Un duo d’auteurs et artistes se partageant écriture, dessins et colorisations, quasiment inséparables depuis leurs débuts à la fin des années 80 au sein de la mythique revue (à suivre). Un rêve pour tout deux surtout que cette première série, publiée en album deux ans plus tard, a immédiatement connue un joli succès, entrant rapidement dans la grande gamme des classiques de la BD moderne. Cette dernière c’est bien entendu Congo 40, une évocation inédite pour l’époque du fameux Congo belge, loin très loin des péripéties de Tintin, où l’on scrutait enfin la triste réalité de cette colonie si souvent idéalisée. En 1940, le pays est encore totalement sous le joug des occidentaux, bien heureux d’ailleurs de venir s’y planquer alors que la Seconde Guerre Mondiale fait rage, et subit constamment leur condescendance paternaliste, leur politique iconique dévastatrice et un pseudo esclavagisme auquel il ne manque que le nom. Dans le cadre refermé d’une petite communauté tranquillement installée dans ses privilèges le simple retour d’une jeune femme sur le domaine de son grand père va peu à peu raviver quelques souvenirs honteux et faire affleurer le véritable visage d’un microcosme sordide, bien entendu raciste, mais aussi misogyne et relativement pervers. Un thriller moite et trouble capturant à merveille la réalité de l’époque, l’ambiguïté constante de ces bons blancs (en particulier envers les femmes noires) et évoquant avec une certaine finesse les abus et mauvais comportements de seigneurs qui ne feront qu’attiser une révolution qui aura lieu bien des années plus tard dans la violence et le sang. Comme un récit de fin d’un monde, un drame aux airs d’enquête dont le protagoniste principal, l’ancien gigolo Vincent devenu alcoolique et à ses heures détective ne semble jamais totalement comprendre la portée, ni même la profonde vérité.
Terres indomptées
Publié 20 ans plus tard et accolé ici, Fleurs d’ébène semble avoir été conçu pour lui répondre et le prolonger. Il s’agit cette fois-ci d’une véritable trame policière, mais dans un Congo clairement au bord de la rupture en 1960 (là aussi 20 ans plus tard) et dont la découverte d’un corps, un militant indépendantiste noir, risque de mettre le feu aux poudres. Alors que la mainmise sur le pays par la Belgique devient de plus en plus compliquée jour après jour, le vieux monde s’accroche comme il peut à ses certitudes et tente d’extraire les dernières richesses d’un pays exsangue. Si l’affaire en elle-même est cousue de fil blanc, avec ses semi-révélations politiques et ses échos d’un complot relativement lamentable, c’est surtout le témoignage d’une époque, d’un temps et d’un lieu, qui séduit à la lecture. Une certaine nonchalance assénée par la chaleur des quartiers et des paysages, l’étrange relation que tisse, même les belges les mieux attentionnés voir « amoureux de l’Afrique », avec les vrais africains : Warnauts et Raives font revivre encore une fois une page peu glorieuse de leur pays, mais avec toujours une passion palpable pour le vrai Congo, son peuple, ses couleurs… et ses femmes. D’ailleurs glissé en fin d’album le Congo Blanc de quelques pages tirés de l’ancien recueil Équatoriales, décrit à nouveau une histoire d’amour entre un blanc et une femme noire, ce dernier hésitant entre retourner au pays avec sa femme et ses enfants ou rester sur cette terre suaves, envoutantes et charnelles comme sa maitresse.

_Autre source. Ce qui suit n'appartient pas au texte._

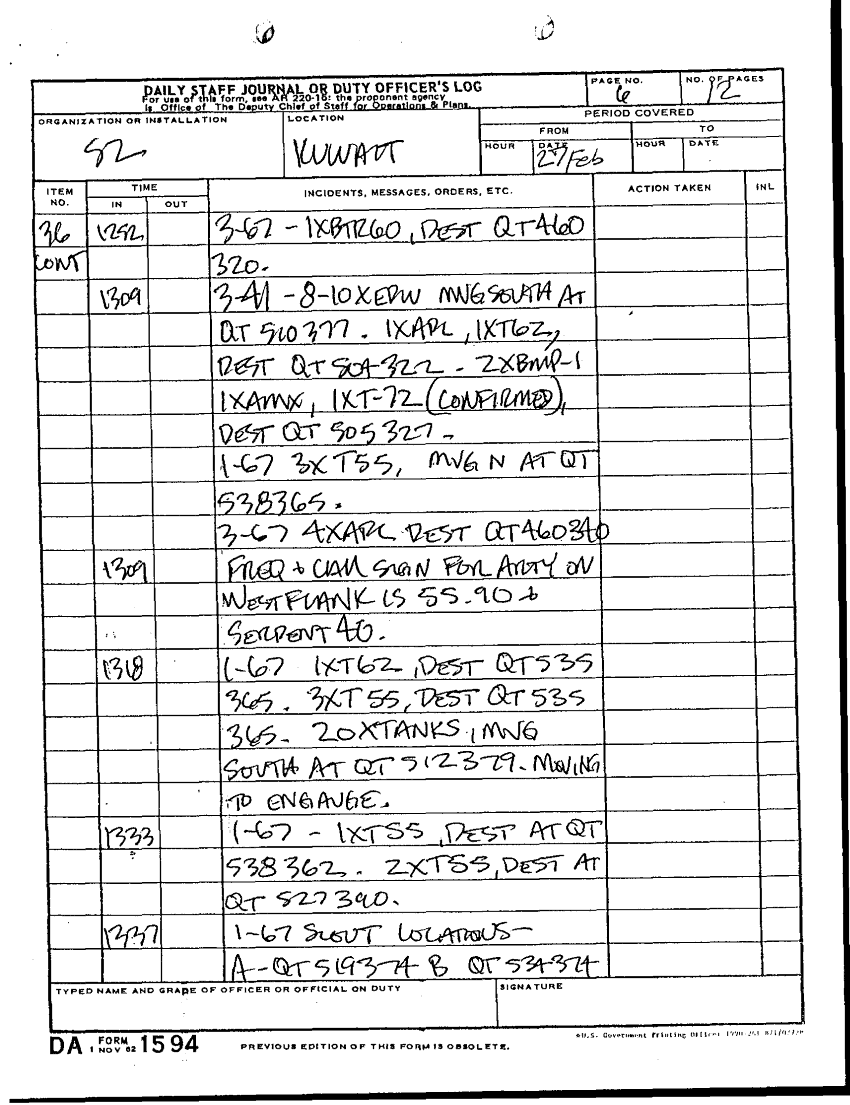 Document 22 f:/Week-28/BX001921/DAILY STAFF JOURNALS 25-28 FEB 91/daily staff journal 24feb91:100196165117107

D’une histoire à l’autre, on note aussi clairement une grande amélioration graphique assez logique avec un trait plus assuré, plus constant et une colorisation aquarelle beaucoup plus fine et fouillée, avec une approche réaliste, aux contours de carnets de voyages, dont les rives africaines et les femmes, sublimes, sortent toujours victorieuses.